Durante i controlli, i carabinieri hanno scoperto che oltre 55.000 metri cubi di sabbia e ghiaia sono stati estratti illegalmente. Non solo: è emerso che venivano gestiti impianti di lavorazione degli inerti senza le necessarie autorizzazioni, con scarichi di acque reflue industriali privi di regolare permesso.
Altra infrazione grave riscontrata riguarda la trasformazione non autorizzata di superfici boscate, che sono state convertite in aree soggette a vincoli idrogeologici e paesaggistici.
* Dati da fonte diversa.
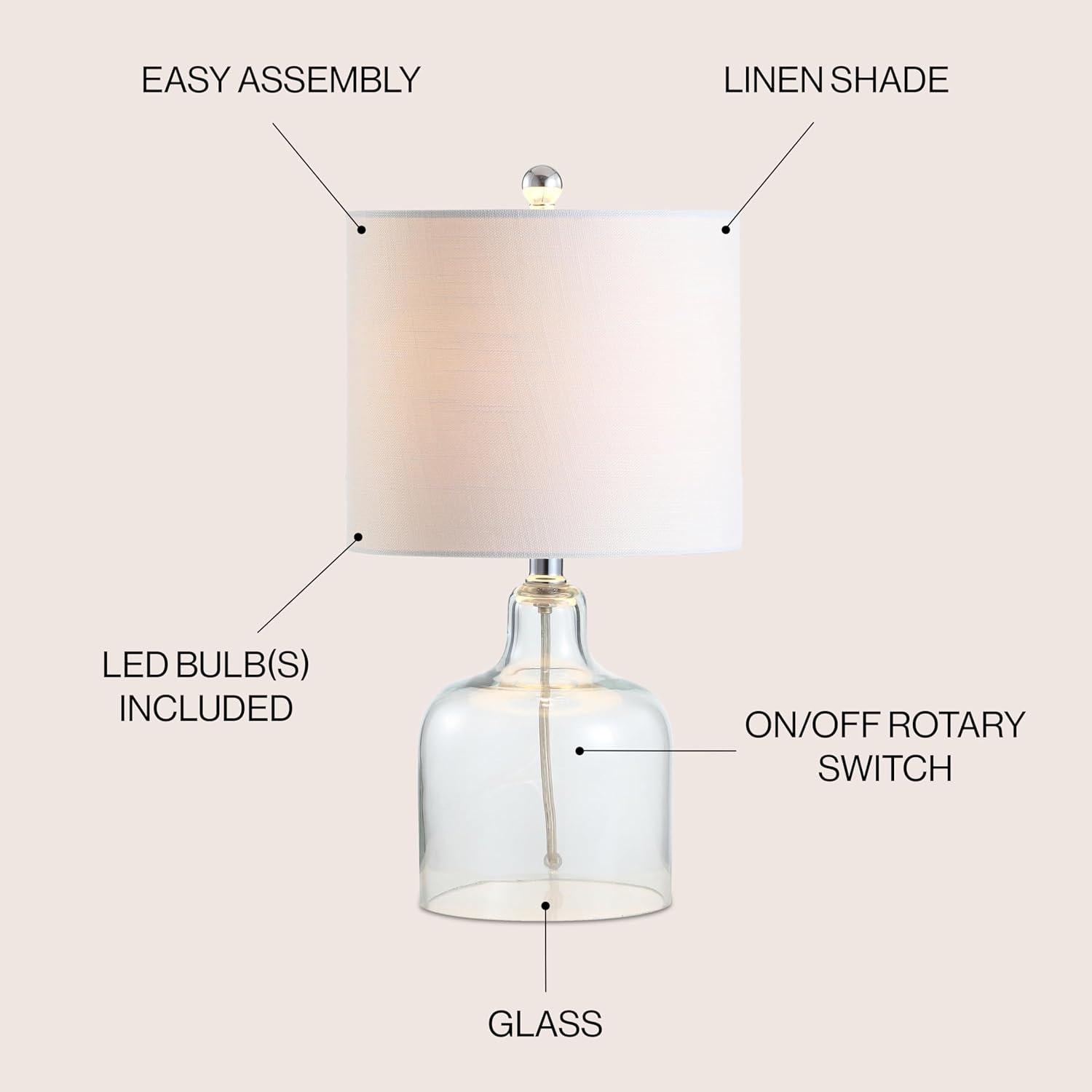 JONATHAN Y JYL1028A Anya 20.5″ Mini Glass LED Table Lamp, Transitional, Glam, Midcentury, Modern, Elegant, Office, Living Room, Family Room, Dining Room, Bedroom, Hallway, Foyer, Gray(Clear)

Questo tipo di intervento danneggia irrimediabilmente l’ecosistema e compromette la sicurezza idrogeologica del territorio.
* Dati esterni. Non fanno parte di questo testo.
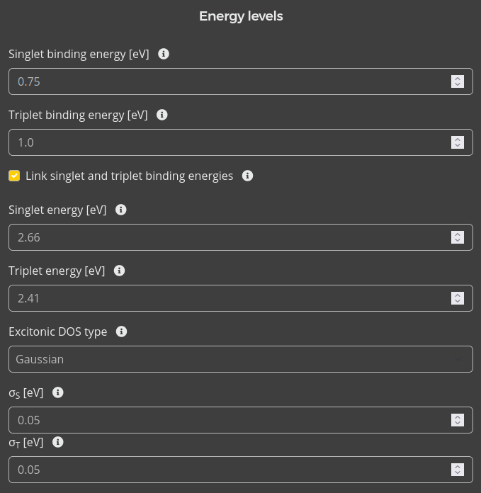 We will set a singlet binding energy of 0.75 eV and a triplet binding energy of 1 eV. By enabling the option to link the singlet and triplet binding energies, the exciton energy levels will be computed automatically based on the exciton binding energy and the HOMO/LUMO levels.

Una delle cave ispezionate ospitava impianti per la produzione di asfalto e calcestruzzo, ma anche in questo caso sono state riscontrate numerose violazioni delle prescrizioni ambientali. Tali infrazioni pongono seri rischi per l’ambiente circostante, in particolare per quanto riguarda l’inquinamento atmosferico e delle acque.
Le autorità stanno ora approfondendo i dettagli di queste violazioni, con l’obiettivo di proteggere il patrimonio naturale e di garantire il rispetto delle normative ambientali.